The capabilities of the tools that administrators use to define the policies that the Identification components use are also important. To be considered a DLP technology, these rules should be able to include more than just looking for keywords. State-of-the-art DLP technologies use more advanced techniques like regular expressions and statistical pattern matching to identify sensitive information. The capability to do a more thorough job of finding sensitive data requires the ability to define more detailed and complicated policies, so a sophisticated Management component is a necessary part of more advanced DLP technology.

The Identification component of a DLP system uses the policy that the Management component defines to find sensitive information. In all but the simplest cases, this means that the Identification component will be making a statistical test and using the result of that test to decide if it has found sensitive information. Because Identification components use statistical tests, they can never make decisions correctly all of the time.

All statistical tests have a chance of both false positives and false negatives. A false positive happens when data that is not sensitive data is mistakenly identified as sensitive data. No sensitive data is unnecessarily exposed if a false positive happens, but there is a price paid for the inaccurate decision in terms of the time and effort wasted by people, particularly if they need to find a way to work around the false match. A false negative happens when sensitive data is mistakenly identified as non-sensitive data. In the case of a false negative, sensitive data ends up unprotected, which may result in its loss or compromise.

A property of any statistical testing is that for a particular technology it is impossible to reduce both false positives and false negatives at the same time. This means that if the parameters that an Identification component of a DLP system uses are changed to decrease the false positive rate, the false negative rate must increase, or if the false negative rate is decreased, then the false positive rate must increase. This is a limitation imposed by the nature of statistical testing and not one particular to DLP technology, and the same limitation exists in other security technologies that perform statistical tests.

The best-known of these technologies is probably intrusion detection, which also involves the same tradeoff between false positives and false negatives. This means that if you are a security manager who is trying to understand the possible performance of a DLP system, the administrator of your intrusion detection system is probably a good source of information about the impact of false positives and false negatives on both system performance and security.

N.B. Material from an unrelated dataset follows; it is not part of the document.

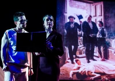 Más de una década después, rodeados de libros de historia, ensayos, novelas, obras de teatro, videos y música sobre el tema, y de diarios e impresos de aquella época acopiados en todo este tiempo, reparamos en que se cumplirían ciento cincuenta años de aquel terrible episodio de nuestra historia. ¡Aniversario!, ya no cabían más excusas, era tiempo de escribir la dramaturgia, componer la música, imaginar a sus intérpretes y hablarles, filmar, fotografiar, grabar, diseñar vestuario… Estábamos inmersos en ese proceso cuando el planeta -no ya nuestro país ni nuestra ciudad- sucumbió ante una nueva epidemia. El destino quiso la redondez numérica del siglo y medio para nuestra ciudad, entre aquella de fiebre amarilla y la actual pandemia de covid-19. La lenta cocción de una década de aquella idea ya sabía rancia. Nosotros vivíamos nuestra propia y actual peste. El pánico que leíamos en aquellos porteños ya no nos era ajeno y debía entrar en la ópera.

Once an Identification component of a DLP system decides that it has found sensitive data, the Protection components of the system takes whatever action its policy requires. Blocking and encryption are the two most common of these actions.

If a user is copying sensitive data to a USB drive, for example, the Protection component of a DLP system might block the transfer and not let the user copy the data to the USB drive. In other cases, the Protection component might encrypt the sensitive data in such a way that only authorized users can decrypt it. If a user is saving a file that contains sensitive data, the Protection component might encrypt the file before it is saved.

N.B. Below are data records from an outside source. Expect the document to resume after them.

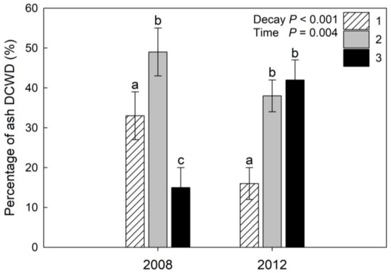 | Volume of ash DCWD (m3 ha−1) | 17.2 ± 3.3 a (17.0%) | 36.6 ± 4.1 b (27.2%) |
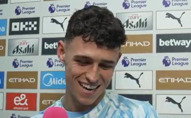 英超第8轮,曼城主场2-0埃弗顿,福登赛后接受了曼城官方采访。
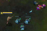 如果现在没任何压力,想要补刀是很容易的。但当跟你对线的敌人也想要在线上补刀时,那么换伤害和骚扰就不可避免了。换伤害的前提是你对敌人造成的伤害比敌人对你造成的伤害多。在线上,跟敌方ADC和辅助换伤害是压制敌人建立线上优势的方式之一。强迫敌人在补刀的时候吃伤害也是主要的骚扰手段。

Blocking users' actions usually does not cause significant technical problems, although it can increase the number of help desk calls. Most users who end up being blocked by a DLP system aren't doing anything malicious; they're just trying to do their jobs. They will often need help understanding how to work within the limitations that a DLP system will create for them, and this can increase the number of support calls that help desks receive.

Using encryption to protect sensitive data, on the other hand, can cause significant technical problems, both due to the problems associated with key management and the problems that many systems have processing encrypted data.

A cryptographic key is much like the combination to a safe. If you have the combination, it is easy to open a safe, but it is hard to open one without the combination. Similarly, if you have the right key, decrypting encrypted data is easy, but it is impractical without this key. But if you are careless with the combination to your safe, someone else can easily find it, and once they have it, the protection provided by the safe is compromised. Similarly, the cryptographic keys that you use to encrypt data need to be handled carefully. If you are careless with them the protection provided by cryptography can be essentially eliminated. Key management covers all the details of how to handle keys carefully enough to ensure that this does not happen. It ensures that you do not do the cryptographic equivalent of writing the combination to your safe on a Post-it note and sticking it to the wall next to your desk.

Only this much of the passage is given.